Fruits of a variety so exotic they didn't even qualify as the same food group as oranges and bananas dangled from sagging vines and low-hanging trees. Trey stared at swelled foods of every color, strangely shaped in asymmetrical arrangements. Instead of spheres or cylinders, these fruits were oblong and oddball. Like the three-limbed trunks of the trees where they'd fought the Changelings, this place featured flora foreign to anything Trey had ever imagined. Isis named them off as Trey pointed—flinzes, rippels, yamamas, rayes, loppos, woppilowips.

And, of course, apples.

There were other Humans, all about as big as Drill, the women hardly more feminine than the men. They reminded Trey of Cro-Magnon hominids from any number of movies. Rather than kinship with apes common to all those portrayals, there was nothing simian about these Humans. Trey's father never believed people had evolved from gorillas, no matter how many scientists had said otherwise. Trey realized now that many scientists were fools following false evidence. Faith proved more accurate than facts.

"This is the real Garden of Eden?" Trey asked, endlessly fascinated by proof of his father's faith. "Like in the Bible?"

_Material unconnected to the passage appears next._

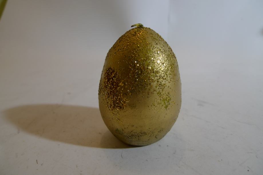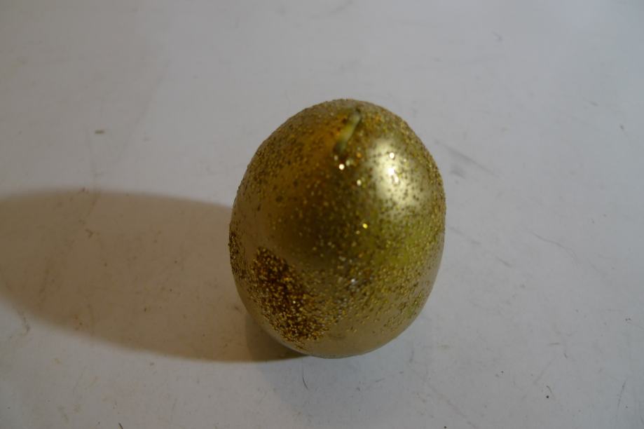 Svijeća u obliku jaja, zlatna veličine 8 cm.

Isis smiled, a strange grin to suggest she was neither amused nor happy. "Nothing is ever exactly as written, soldier," Isis said.

The truth is two twists from the telling.

Trey noticed something hinted at all along the pathway through the forest of tripod trees. The Humans greeting them as they walked into the Garden grouped in threes. Other strange creatures, pets or beasts of burden, were loping around the perimeter of Eden, three-legged oddities with strangely asymmetrical heads. Like mutated dogs with leathery skin and lumpy skulls. The fruits dangling from the vines were three-faceted in triangular shapes that would never grow naturally back on regular Earth.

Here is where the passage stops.